*Available data*

********************

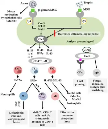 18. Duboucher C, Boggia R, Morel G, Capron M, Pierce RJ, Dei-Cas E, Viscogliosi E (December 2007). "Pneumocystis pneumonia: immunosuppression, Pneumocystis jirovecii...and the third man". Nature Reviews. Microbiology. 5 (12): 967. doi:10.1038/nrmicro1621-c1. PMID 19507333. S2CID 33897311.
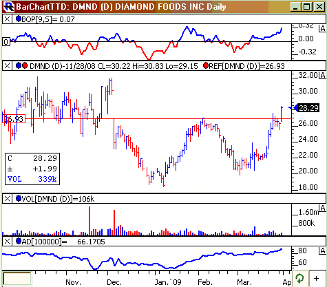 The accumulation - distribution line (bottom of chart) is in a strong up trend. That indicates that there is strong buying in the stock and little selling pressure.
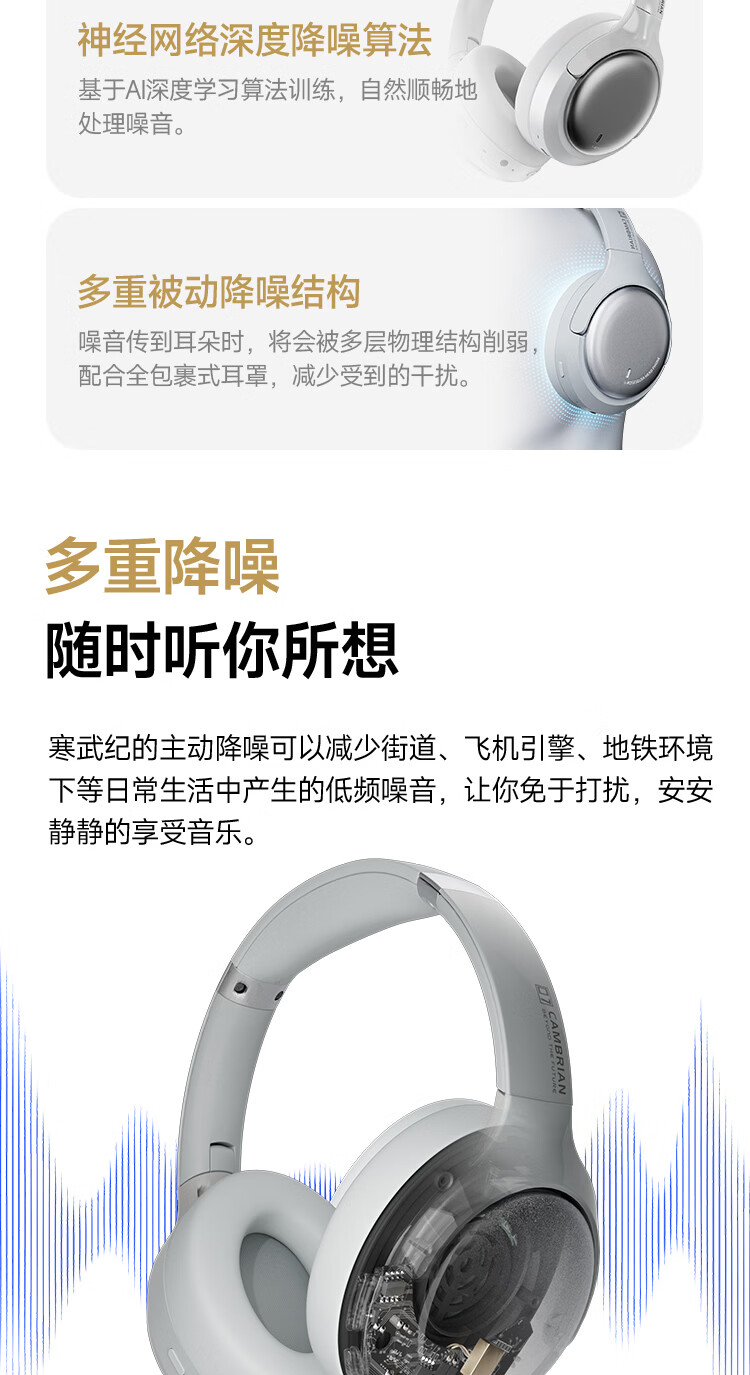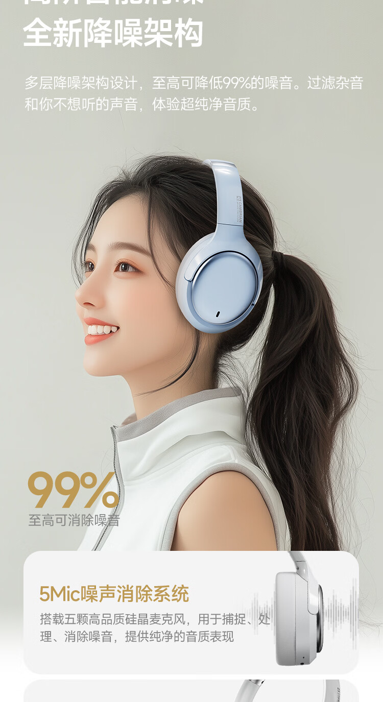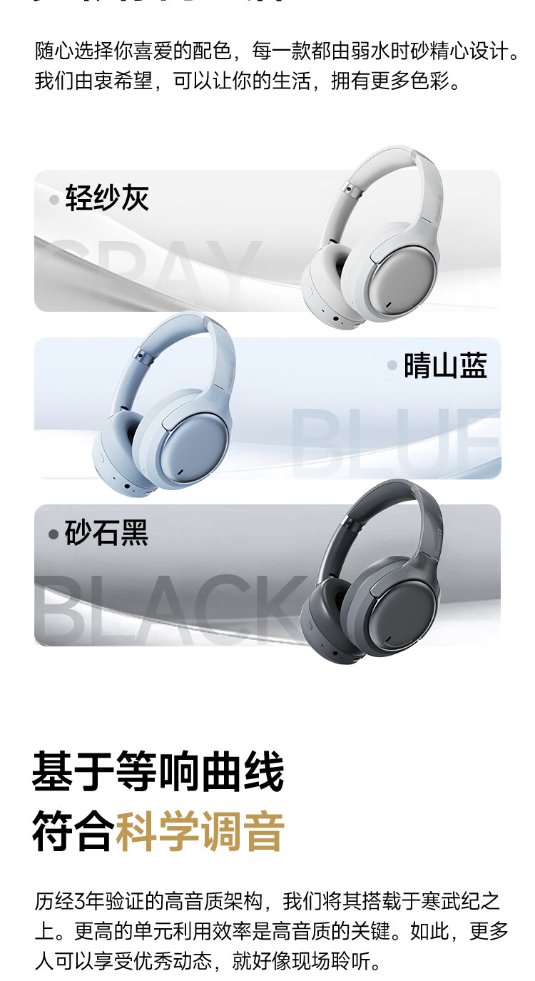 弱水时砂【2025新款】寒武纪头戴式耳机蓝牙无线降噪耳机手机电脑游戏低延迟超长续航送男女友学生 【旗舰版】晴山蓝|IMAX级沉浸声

********************

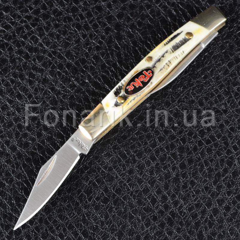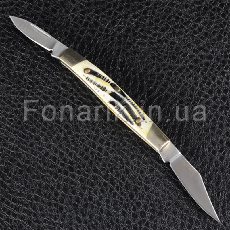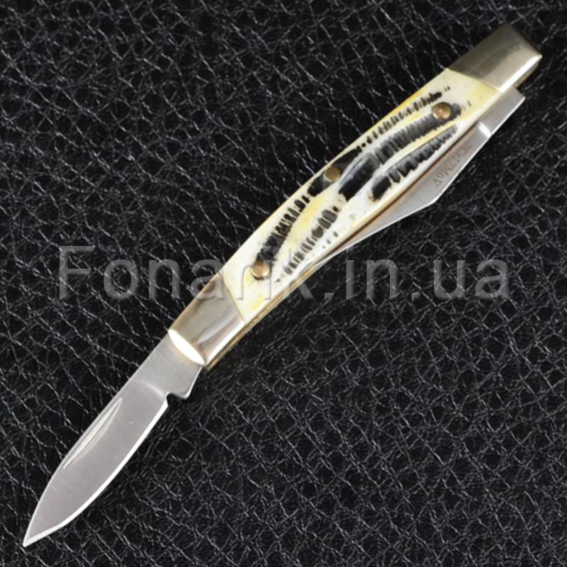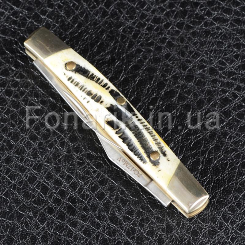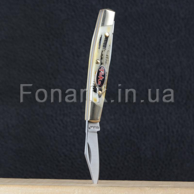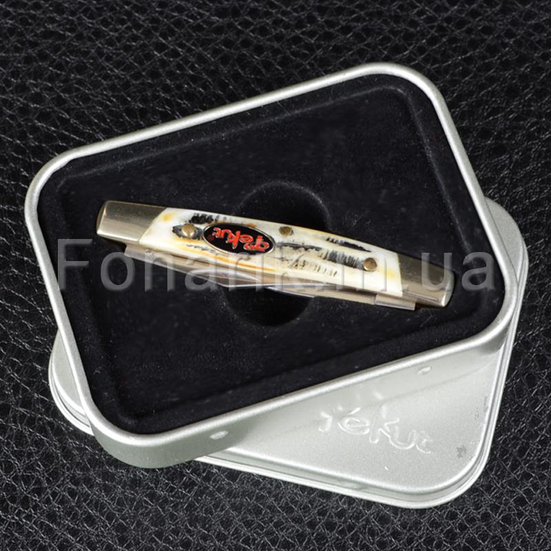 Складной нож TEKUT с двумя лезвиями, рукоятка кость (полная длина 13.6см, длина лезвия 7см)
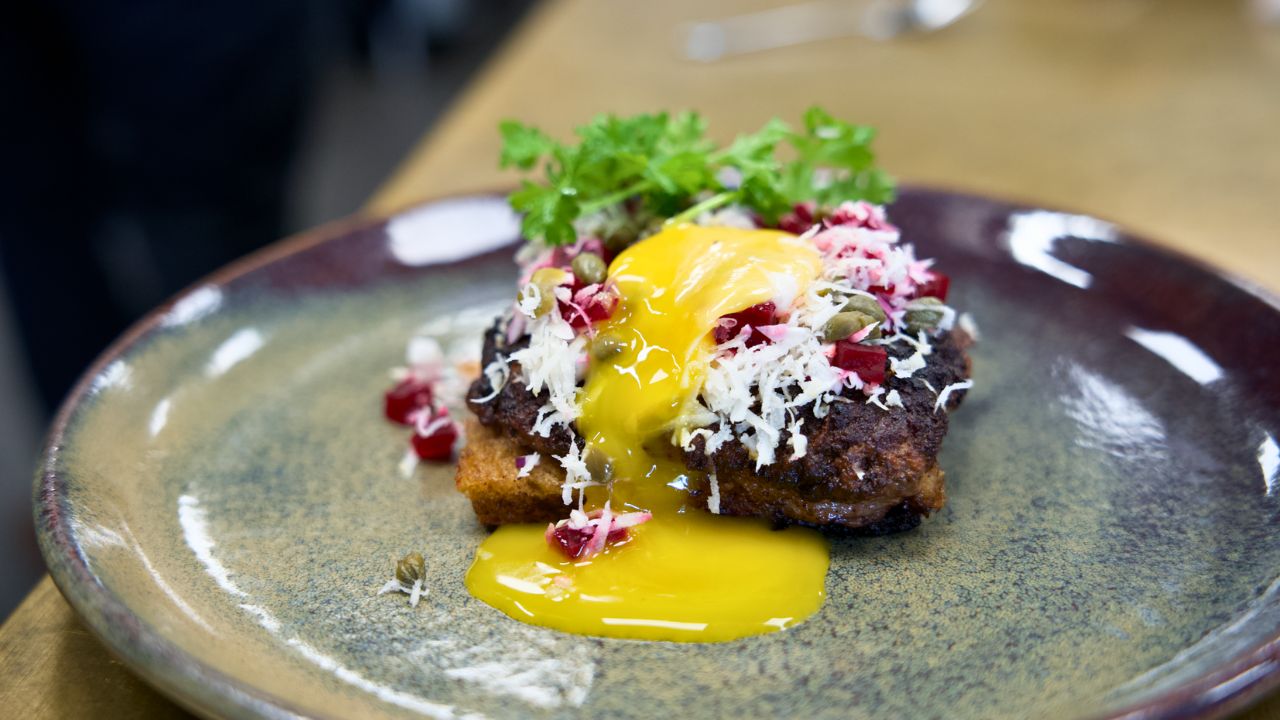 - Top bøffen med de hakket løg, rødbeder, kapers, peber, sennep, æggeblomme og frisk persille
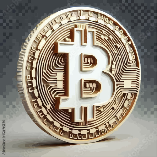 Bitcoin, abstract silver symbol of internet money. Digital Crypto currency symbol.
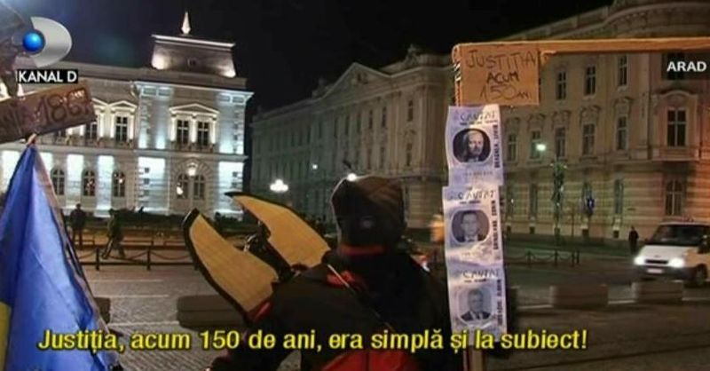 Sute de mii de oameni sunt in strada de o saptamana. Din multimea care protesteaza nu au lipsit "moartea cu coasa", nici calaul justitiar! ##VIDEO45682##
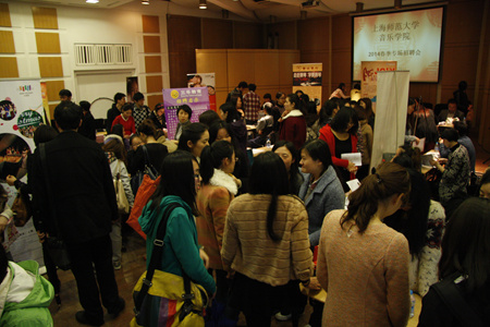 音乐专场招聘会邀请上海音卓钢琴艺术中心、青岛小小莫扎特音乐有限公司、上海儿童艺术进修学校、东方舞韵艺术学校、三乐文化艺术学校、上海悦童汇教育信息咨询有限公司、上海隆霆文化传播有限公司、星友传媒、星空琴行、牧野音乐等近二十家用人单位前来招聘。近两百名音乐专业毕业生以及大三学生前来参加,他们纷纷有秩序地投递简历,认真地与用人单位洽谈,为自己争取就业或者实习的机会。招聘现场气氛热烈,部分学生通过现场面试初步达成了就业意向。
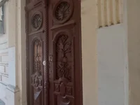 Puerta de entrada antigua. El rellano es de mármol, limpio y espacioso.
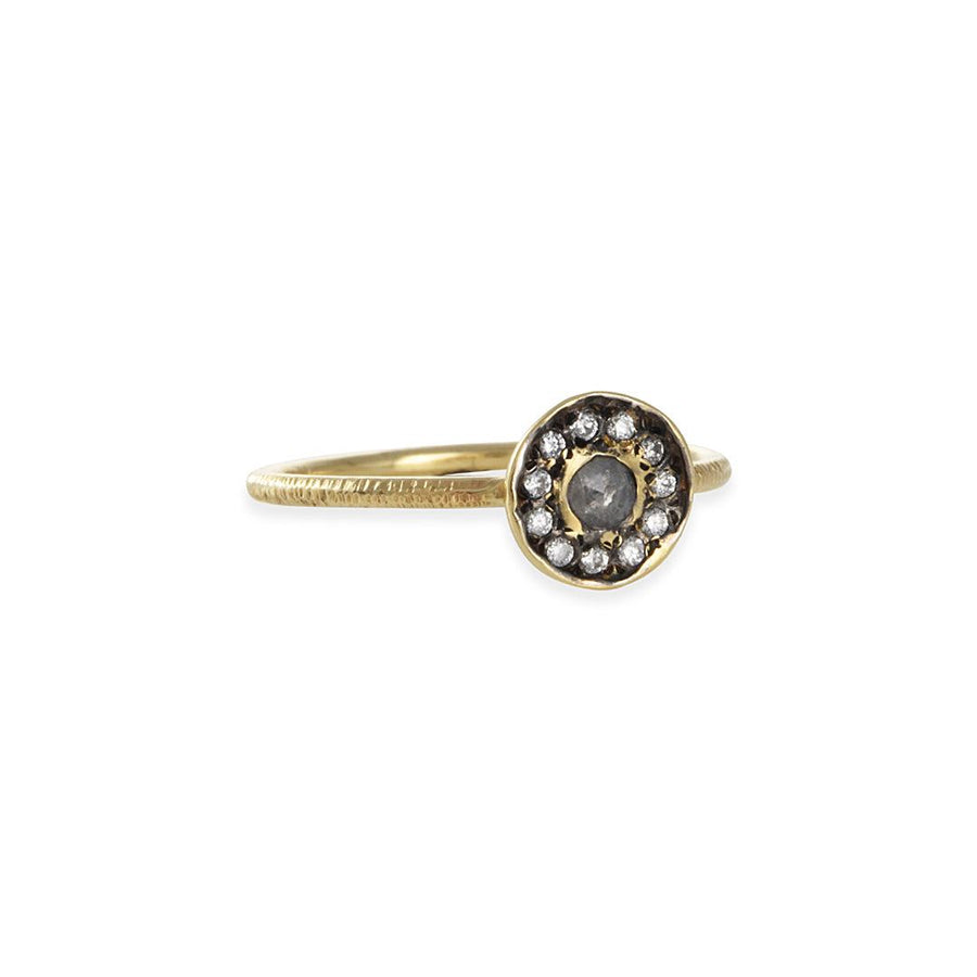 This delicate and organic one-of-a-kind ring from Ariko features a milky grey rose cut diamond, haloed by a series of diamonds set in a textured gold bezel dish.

********************

*Task statement*
Above are some records. Output exactly the lines from the one that contains "The accumulation - distribution" to the one that contains "弱水时砂【2025新款】寒武", keeping both, and omit the pictures.

*Exercise result*
 The accumulation - distribution line (bottom of chart) is in a strong up trend. That indicates that there is strong buying in the stock and little selling pressure.
 弱水时砂【2025新款】寒武纪头戴式耳机蓝牙无线降噪耳机手机电脑游戏低延迟超长续航送男女友学生 【旗舰版】晴山蓝|IMAX级沉浸声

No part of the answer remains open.